The vital activity of the throat and vocal cords becomes sound; song may therefore be considered as a peculiarly specialized form of gesture, but with the radical difference that as a vehicle of expression it addresses the ear, not the eye. The fact that it enters the brain through a different channel gives the art of sound an entirely different character from that of gesture proper; moreover, from being in time only, not in space, it is apprehended more immediately by the inner sense, and the impression received is more intimate, more forcible. Still it retains the same lyric or subjective character.
It was, I believe, Lord Monboddo who first observed that inarticulate sound, music in its most primitive form, is the earliest form of utterance, and is prior to language. Lord Monboddo's researches into the origin and progress of language (1773) were valued so highly by Herder that they were at his instance translated into German. The conclusion at which he arrived, that the most primitive form of utterance is not language but music, that language grew out of song just as the art of writing grew out of picture-painting, is especially valuable from the fact that it was afterwards adopted by Charles Darwin.[[14]]
[14.] Descent of Man, Pt. III., ch. 19. The whole of that part of the chapter may be read in this connection. Unfortunately, the speculations are somewhat vitiated by the idée fixe of modern science that everything must be referred to "courtship." i.e. sexuality.

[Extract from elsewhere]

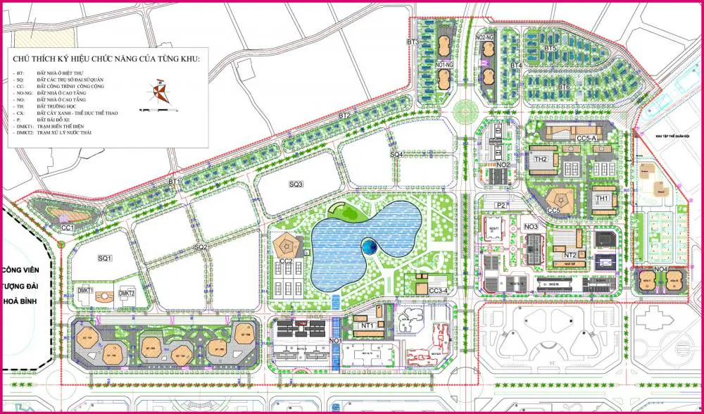 - Diện tích 135.103 m2 dành cho xây dựng các nhà cao tầng.

The "music" which Darwin and Lord Monboddo conceive as the vocal expression of primitive man is of course not the highly-wrought product which we now understand under that term; we may suppose it to have been rhythmic but not metric. It was nearer to the cries of wild animals, and to some it may seem at first absurd to describe such sounds as music at all. I do not think so; on the contrary I find in the cries of some animals and many birds all the essential qualities of music. They have tone, rhythm, cadence, in a very high degree, and also melody, though vague and rudimentary. The essential difference between melody and mere succession of sounds consists in its being intelligible, that is, in its conforming to a scale or musical scheme of some sort, but that scale is not necessarily the one recognized in modern music. Our ears are so accustomed to associate melody with a certain diatonic scale, and with accompanying harmony, actual or potential, that it is very difficult for us to comprehend as melody successions which do not conform to that scheme, as, for example, the melodies of Oriental nations, the scales of which are far more complex and difficult to understand than ours. It is a very remarkable fact that while the course of evolution is generally from simpler to more complex organisms, that of the musical scale is just the reverse. Primitive scales are highly complex, and involve intervals not appreciable by us as melody; with time they gradually become simpler; and in the diatonic scale, especially in its most modern developments, where the distinction between major and minor tends to become effaced,[[15]] we seem to have reached the limit, and the scale is reduced to the simplest possible numerical relations. However this may be, I know that to a person who has lived in close converse with nature and possesses a musical ear the cries of wild animals and birds are full of melody in the strict sense, though it is rudimentary and different from that of our concert-rooms. And it is reasonable to suppose that man, when he first emerged with far more highly organized faculties than any beast, would gradually raise his musical expression into something higher, something more melodious, than that of other creatures. Particularly as his reason developed he would devise a scale; the rhythms would become more definite and at the same time more varied and complex. The result of these improvements would be to make his utterances more intelligible.